Singular homology about $\mathbb{R}^n$ without coordinates axis

Question

I've tried to compute singular homology of $\mathbb{R}^n$ without his $n$ coordinates axis.

I think that Mayer Vietoris is a good idea but I dont know what are the better open.

Thanks

Answer 1

Following the idea of @Omnomnomnom (and fixing it) the space deformation retracts onto $S^{n-1}\backslash\{\pm e_1,\ldots, \pm e_n\}$ where each $e_i=(0,\ldots,0,1,0,\ldots,0)$ is a unit vector. So all together it is a sphere without $2n$ points. The deformation is induced by normalization $v\mapsto\frac{1}{\lVert v\rVert}v$.

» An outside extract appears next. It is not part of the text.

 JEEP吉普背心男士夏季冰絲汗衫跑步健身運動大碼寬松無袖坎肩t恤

A sphere without a point is homeomorphic to the Euclidean space of the same dimension (via stereographic projection) and so we obtain that your space is homotopy equivalent to $\mathbb{R}^{n-1}\backslash\{v_i\}_{i=1}^{2n-1}$. Note that we "lost" one point due to homeomorphism.

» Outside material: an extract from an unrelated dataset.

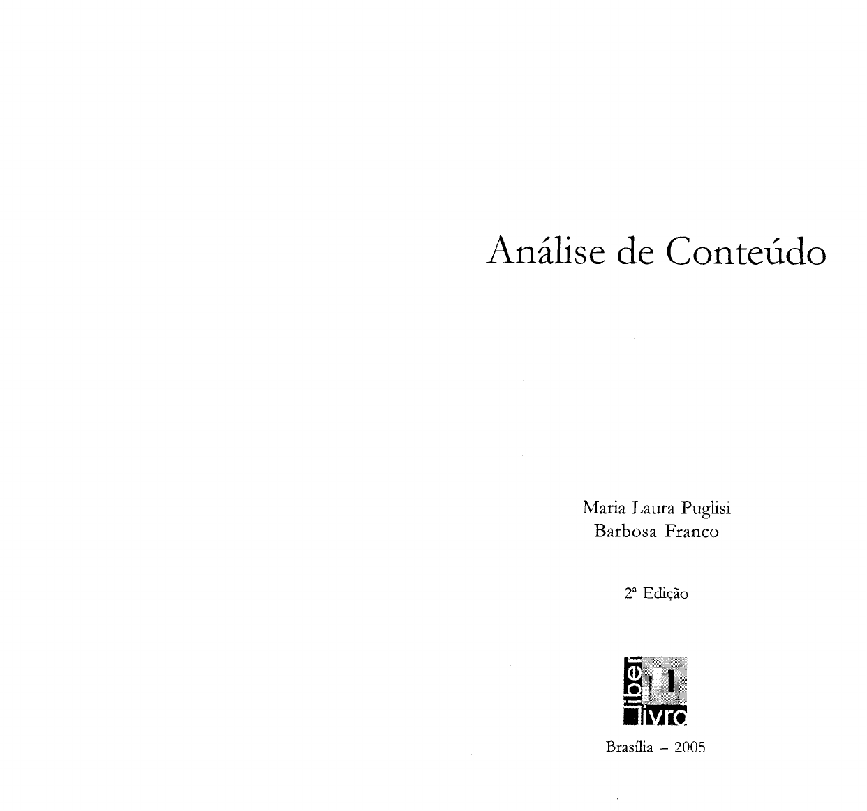 F825 Anilise de conte~do / Maria Laura Puglisi

This space on the other hand can be shown to be homotopy equivalent to the wedge sum of $2n-1$ spheres each of dimension ${n-2}$. And thus the final (reduced) homology is

$$\tilde H_k(X)=\bigoplus_{i=1}^{2n-1} \tilde H_k(S^{n-2})=\begin{cases}\mathbb{Z}^{2n-1} &\text{if }k=n-2 \\ 0 &\text{otherwise} \end{cases}$$

The cases $n=0,1$ have to be treated separately but are rather trivial if valid.